Sitting Bull: Sitting Bull actually did something! Kind of. He had a fantastic opening to put him in the lead early on, and then largely just sat on that, teching up and doing nothing else as nobody bothered him all game. Thanks to the problems plaguing the other leaders throughout the game, that was still almost enough for him to win, but still not quite. Sitting Bull's lack of aggression was definitely his undoing here. Had he been faster to stab Caesar, it could've been him instead of Freddy who took the lion's share of Rome and he could've become the runaway leader instead of getting just one and eventually two cities. Had he gone back to finish Joao off instead of just sitting around after the UN halted his conquest, he would've easily edged out Freddy in the space race. Instead he just gave a belated attack on Rome, and an attack on Portugal that came later than it ought to have and was cut off early. He played better economically than any other leader this game, but he never seized on that or leveraged it to a winning position. Ultimately, yeah, he was screwed over a bit by turn order here, first losing an extra Roman city and the kill credit to turn order, and then losing the Space Race on the same merits. But had he been just a little more proactive, he would've won easily, so you can't say this was an undeserved second place.

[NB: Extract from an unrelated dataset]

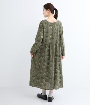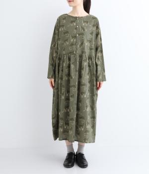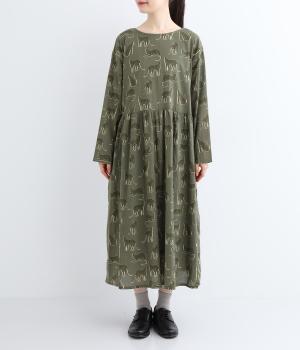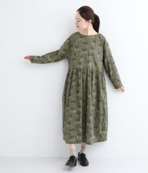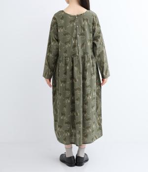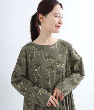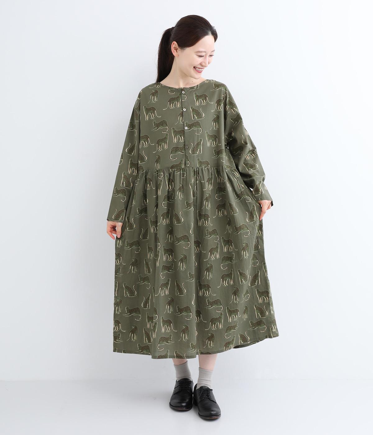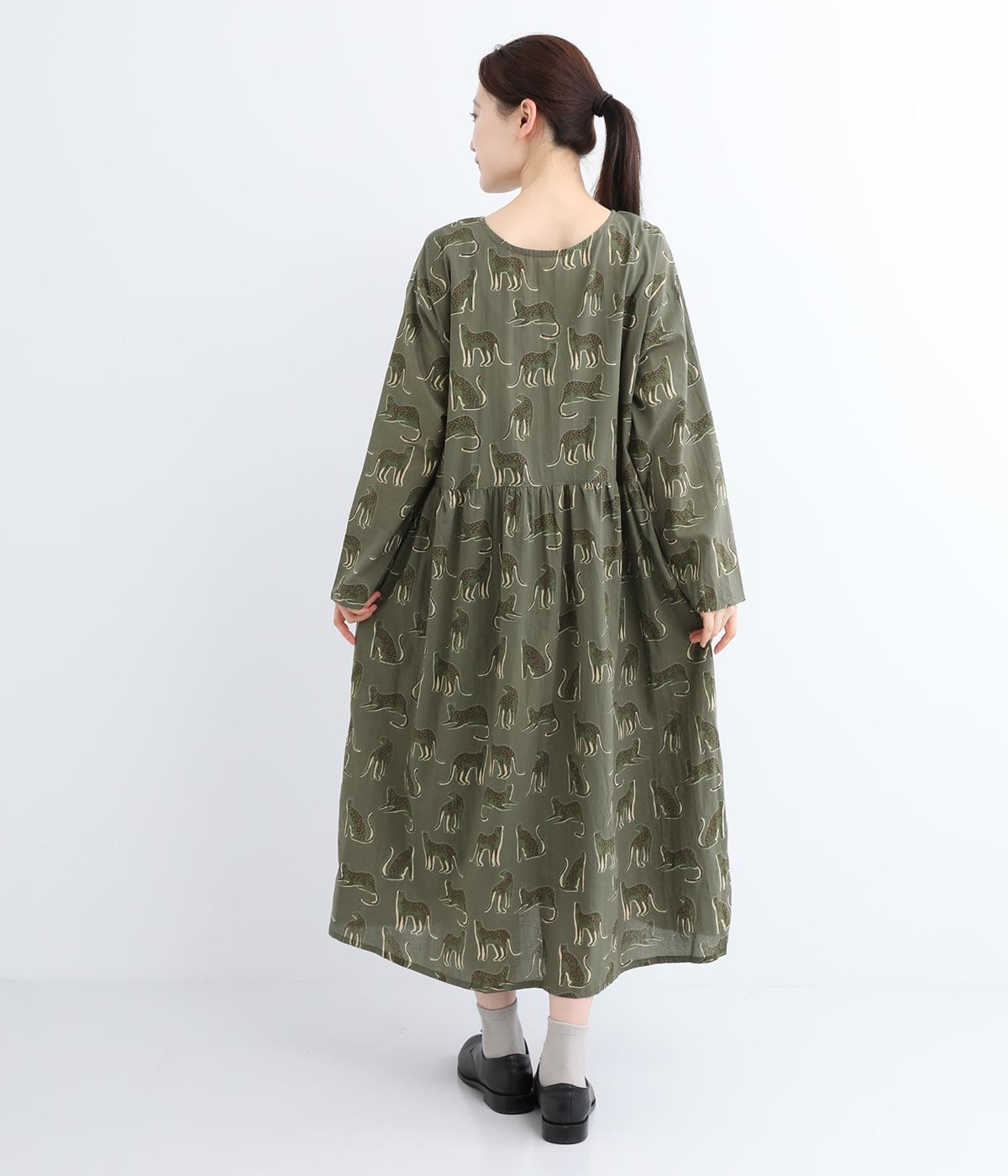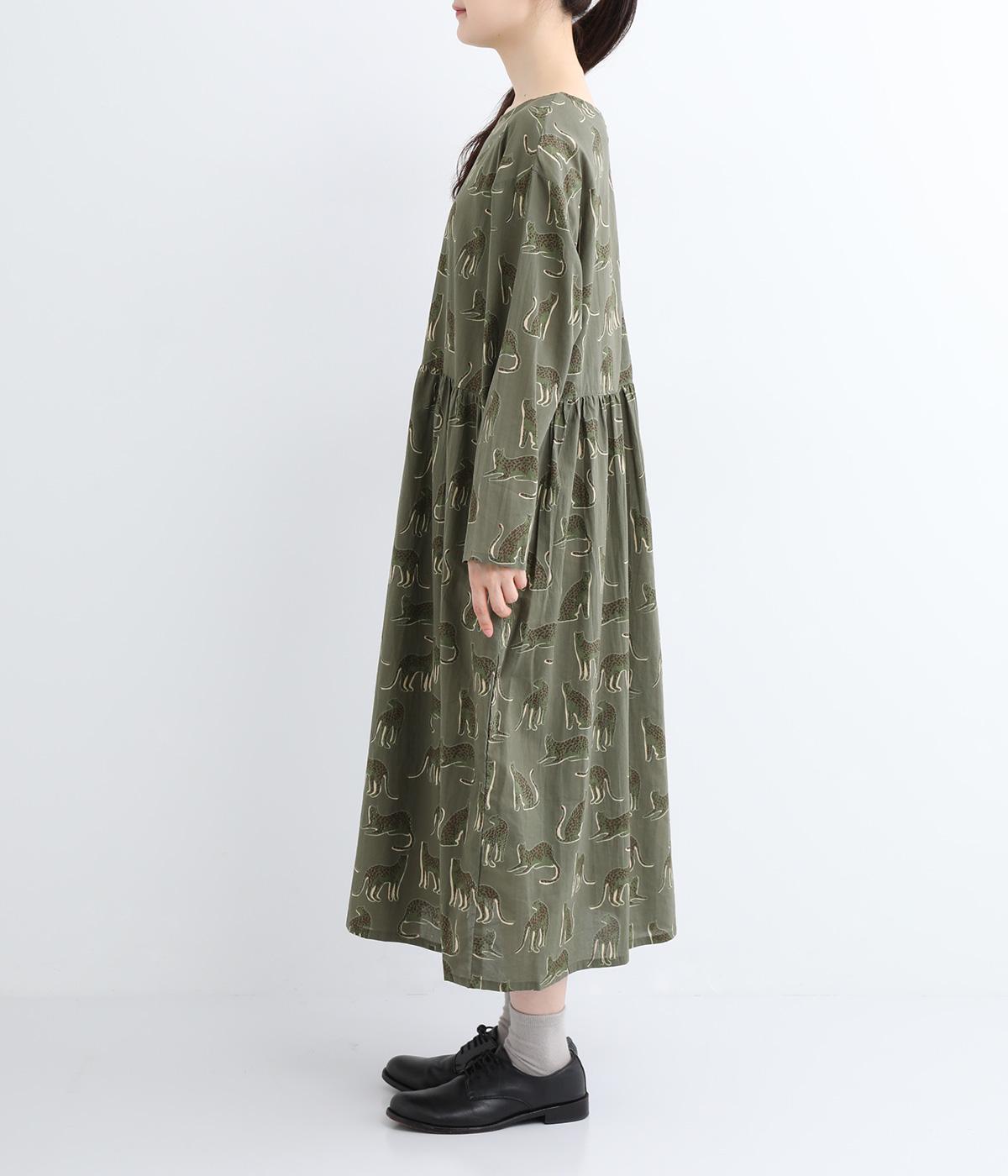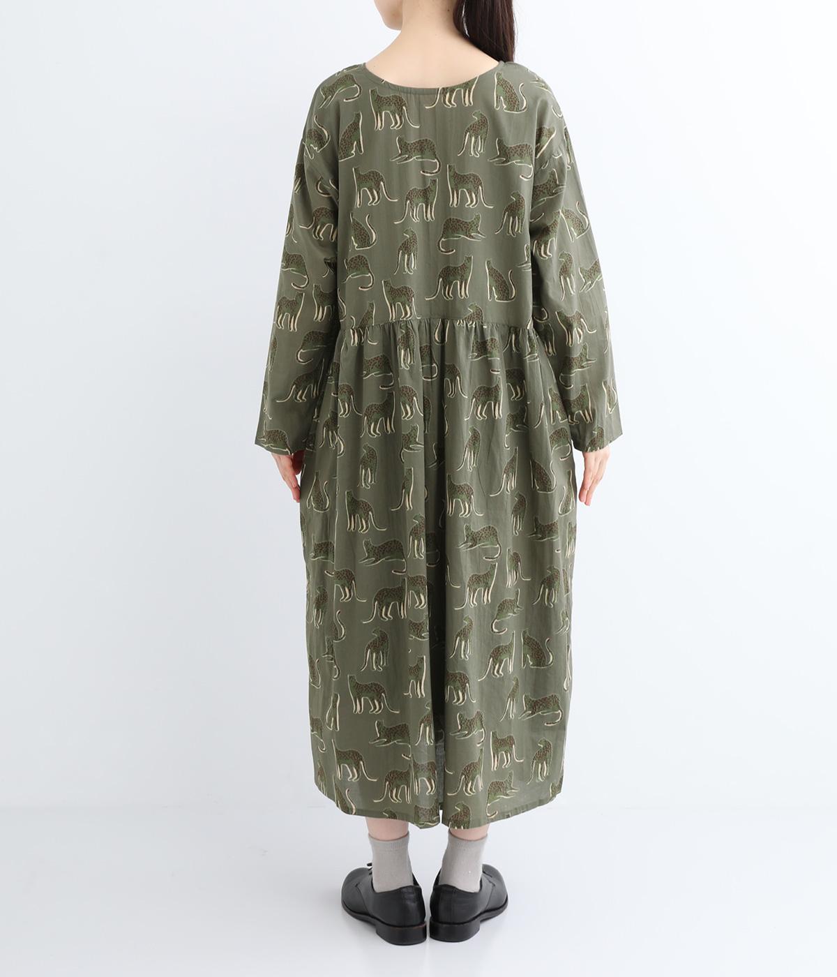 ヒョウのキリっとした表情が癖になる、ユニークな総柄を主役にしたワンピース。シックなカラーで子どもっぽくならないのがうれしいポイントです。前後どちらを前にしてもOKな2way仕様。浅めのネックラインとウエストのギャザーがフェミニンなムードを演出します。

Frederick: Honestly, the bigger surprise here was how narrowly Freddy won. He had a lot go right in this game - he got a better-than-normal plot to expand into thanks to Pericles's bad opening, nobody did anything against him all game, he made an excellent decision to backstab a weakened Caesar and was rewarded with most of Rome, and he made a savvy move with the UN, stopping Sitting Bull from fully absorbing Portugal and undoubtedly winning himself the game in the process. But given all of that, I would have expected him to have a much more dominant game, snowballing ahead after conquering Caesar and becoming the game leader. He just didn't play that well economically, starving his cities with early industrialization, not doing as well culturally as Sitting Bull, etc. Had he gone on to more military activities, that approach may have served him well, but since he stayed at peace for the rest of the game, it kept him back and allowed Sitting Bull to keep pace. So ultimately, despite getting probably the most land to settle into out of anybody, being the one leader for most of the game to make a decisive military strike that paid off, and never being attacked all game, Freddy only won by the narrowest of margins. Had Sitting Bull gone back to war with Portugal, or ignored even one of the optional spaceship techs, or even had the "Sitting" left out of his name so that he went before Freddy in turn order, Frederick would not have won. He didn't completely throw his game, but aside from that he did about as poorly as possible with the hand that he had, and luck was definitely a factor, as savvy play from either of his two rivals would've given them the win instead.

As I said, not very good play from anybody this game, but that was a big part of making it so entertaining! Gandhi squeezing out the cultural victory would've been a good ending regardless, but there was a very real chance that we would've had a Caesar domination-fest or a runaway Space victory from Freddy or Bull if any of those leaders played better. Instead, we get the closest finish in AI Survivor history. I'm all for it! Meanwhile, two of the four leaders coming into the season with 0 points managed to top the leaderboard this game, while simultaneously showing why they had 0 points coming in. Neither Freddy or Sitting Bull had a particularly impressive game here even if they played better than anybody else - both had a lot of missed opportunities and could've done much better. I would expect more fireworks in the playoffs from Gandhi or Pericles, if they make it in via Wildcard, than from either of the actual leaders here. But who knows, maybe this will be the wacky season where we somehow get Sitting Bull in the championship!